DHCP servers read and write on port 67, while DHCP clients read and write on
port 68. Before the client has acquired an IP address, it uses `0.0.0.0` as the
source address for packets it transmits, and addresses its packets to the
broadcast address `255.255.255.255`.

For the simple case that I examined, I found that there are four messages
involved in acquiring an IP address: Discover, Offer, Request, and ACK. At a
high level, the client broadcasts a request for an address, a DHCP server
responds with an offer, the client makes a request based on the offer it
received, and finally the DHCP server acknowledges the request.

## Step 1: Discovery

The client sends a UDP broadcast packet from `0.0.0.0:68` to
`255.255.255.255:67`. This is a BOOTP Discover message that includes details
about what information is being requested from the network's authoritative DHCP
server. In the case I observed, the following items were requested:

- Subnet mask
- Classless static route
- Router
- DNS server
- Domain name
- Proxy autodiscovery
- LDAP server
- NetBIOS Name Server
- NetBIOS Node Type

A DHCP lease time of 90 days was requested, and my DHCP client identifier (MAC
address) and hostname were also included.

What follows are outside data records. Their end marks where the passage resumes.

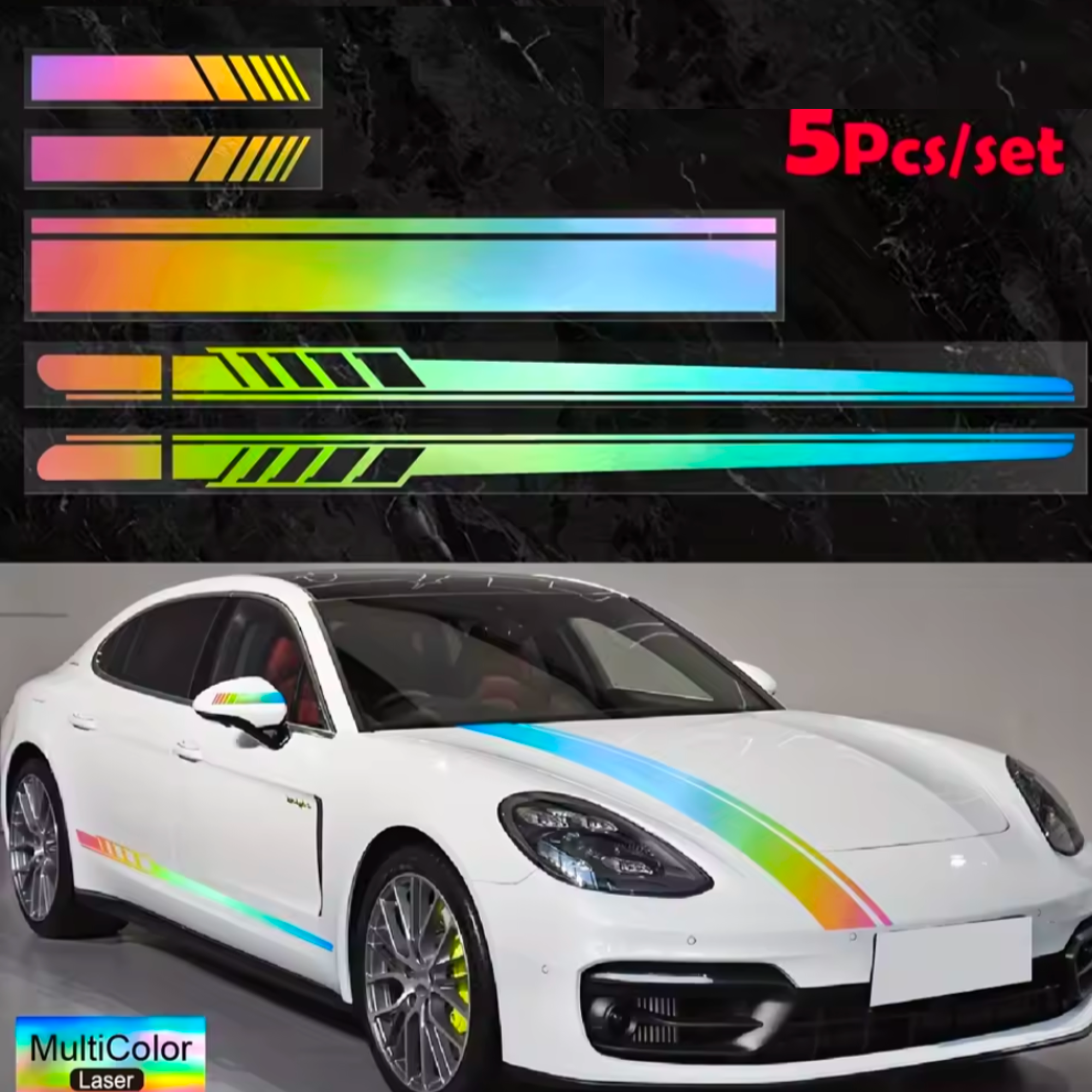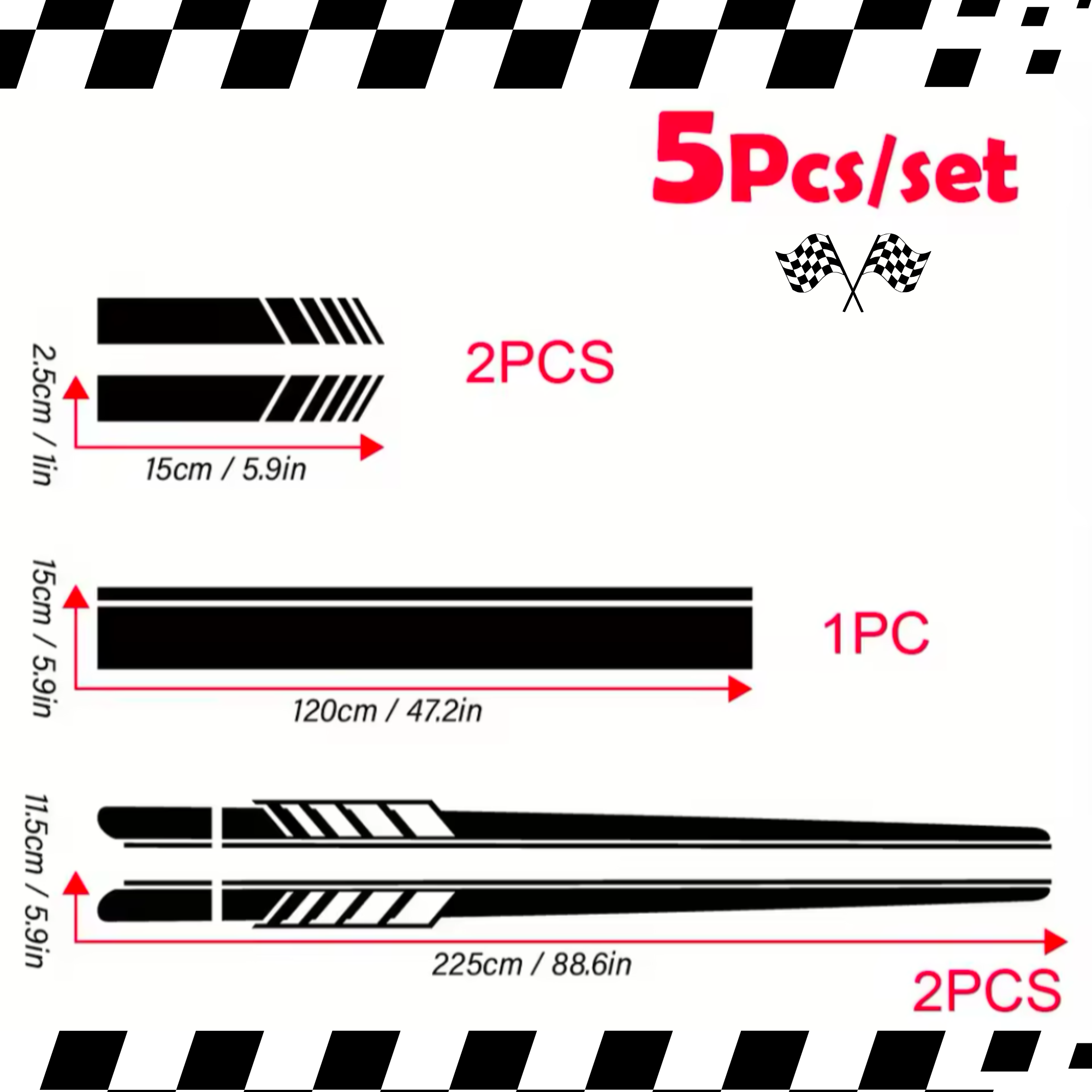 5pcs Racing Stripe Vinyl Decal, Car Hood & Body Sticky With Mirror Decals
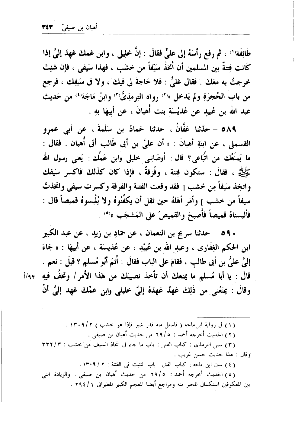 طائفة (¬1) ، ثم رفع رأسهُ إلى عليٍّ فقال: إن خليلي، وابن عمك عهد إليَّ إذا كانت فتنةٌ بين المسلمين أن أتخذ سيفاً من خشبٍ، فهذا سيفي، فإن شئت خرجتُ به معك. فقال عليٌّ: فلا حاجة لي فيك، ولا في سيفك، فرجع من باب الحُجرة ولم يدخل) (¬2) رواه الترمذي (¬3) وابنُ ماجه (¬4) من حديث عبد الله بن عُبيدٍ عن عُديسة بنت أهبان، عن أبيها به.
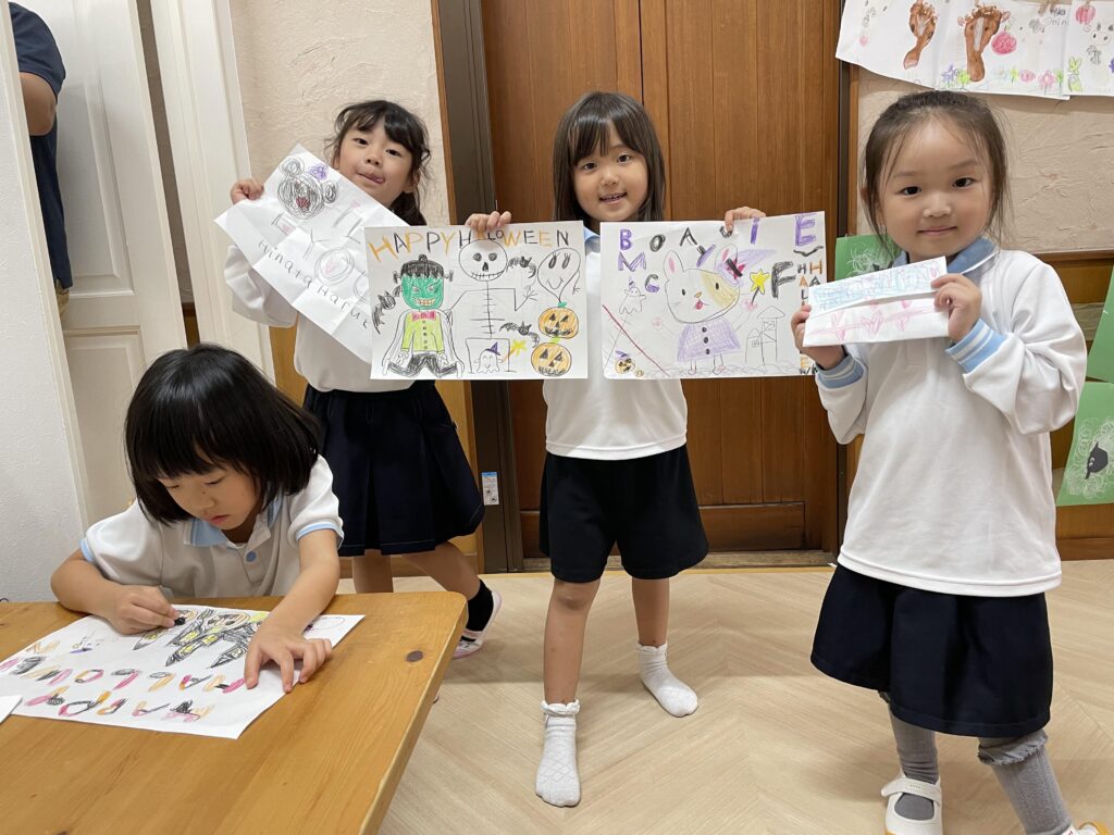 自由時間にはハロウィンの絵を描いたり、塗り絵をしたり、ハロウィンキャラクターの折り紙をしたりして過ごしています。

In the case I observed, after the first discovery packet that was transmitted
was not responded to with an offer after 1.125 seconds, a second discovery
packet was transmitted. Since UDP does not guarantee delivery, it makes sense
that a basic replay mechanism would be part of the protocol to handle dropped
packets. While TCP uses a sequence number to correctly order packets, BOOTP
appears to use a somewhat surprising metric: its header contains a "seconds
elapsed" field which was set to 0 for the first discovery packet and 1 for the
packet 1.125 seconds later.

## Step 2: Offer

The server sends UDP packet from `192.168.1.1:67` to `192.168.1.2:68` containing
a DHCP Offer message. There are a few ways we can tell this offer is for us:

- The BOOTP Transaction ID field is set to the value that we sent in our
  Discover packet
- The Client MAC address field in the BOOTP message is set to ours
- At the Ethernet layer, the destination address is also set to our MAC address

In this offer message, we get the responses to some of the questions we asked in
our Discover packet. In this case, we are offered a lease time of `3600` (one
hour, much less than our requested 90 days). We are instructed to renew after 30
minutes, rebind after 52 minutes 30 seconds, and given a netmask of
`255.255.255.0`. We're also informed of the router/DNS server's address of
`192.168.1.1` and supplied with the domain name `home` (so our machine's "FQDN"
will be `<hostname>.home`).

To figure out the address we have been offered, we can look at either the IP
address that the packet was sent to, or we can examine the "Your IP" field in
the BOOTP message.

## Step 3: Request

Now that we've received an offer, we make a request for the offer. This mostly
involves reiterating the initial request, again sent from `0.0.0.0:68` to
`255.255.255.255:67`. Additionally, the message includes a "Requested IP" field
that specifies the IP address from the Offer.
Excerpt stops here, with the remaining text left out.